*Aim of the task*: Transcribe all the lines below exactly. Omit the pictures.

*Data shown*:
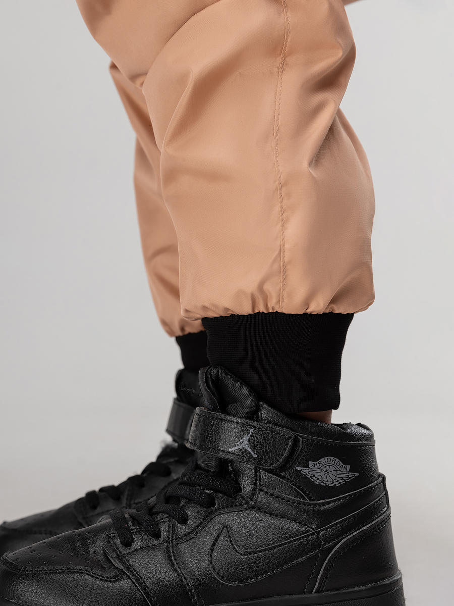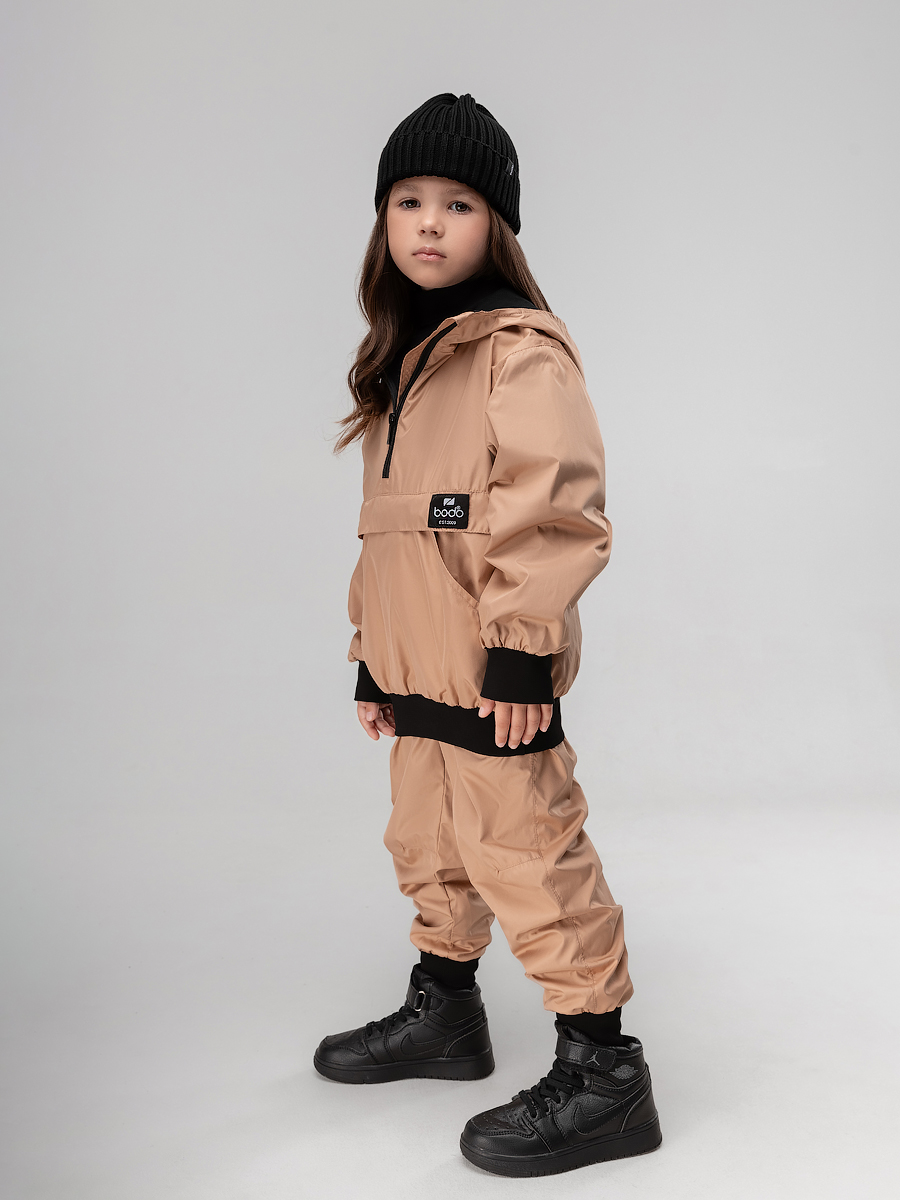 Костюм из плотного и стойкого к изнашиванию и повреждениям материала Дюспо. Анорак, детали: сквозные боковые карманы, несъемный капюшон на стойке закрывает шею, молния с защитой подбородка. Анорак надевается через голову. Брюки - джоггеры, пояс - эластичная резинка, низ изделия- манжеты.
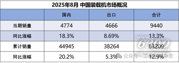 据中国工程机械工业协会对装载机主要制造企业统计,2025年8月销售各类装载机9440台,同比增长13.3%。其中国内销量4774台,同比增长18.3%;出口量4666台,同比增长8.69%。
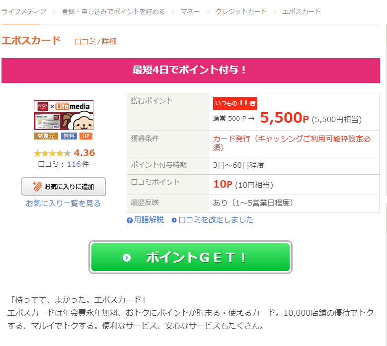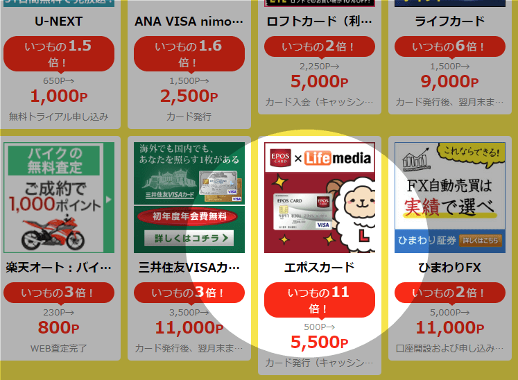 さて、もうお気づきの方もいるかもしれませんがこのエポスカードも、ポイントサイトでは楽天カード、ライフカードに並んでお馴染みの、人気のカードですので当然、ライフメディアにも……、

*The completed task*:
 Костюм из плотного и стойкого к изнашиванию и повреждениям материала Дюспо. Анорак, детали: сквозные боковые карманы, несъемный капюшон на стойке закрывает шею, молния с защитой подбородка. Анорак надевается через голову. Брюки - джоггеры, пояс - эластичная резинка, низ изделия- манжеты.
 据中国工程机械工业协会对装载机主要制造企业统计,2025年8月销售各类装载机9440台,同比增长13.3%。其中国内销量4774台,同比增长18.3%;出口量4666台,同比增长8.69%。
 さて、もうお気づきの方もいるかもしれませんがこのエポスカードも、ポイントサイトでは楽天カード、ライフカードに並んでお馴染みの、人気のカードですので当然、ライフメディアにも……、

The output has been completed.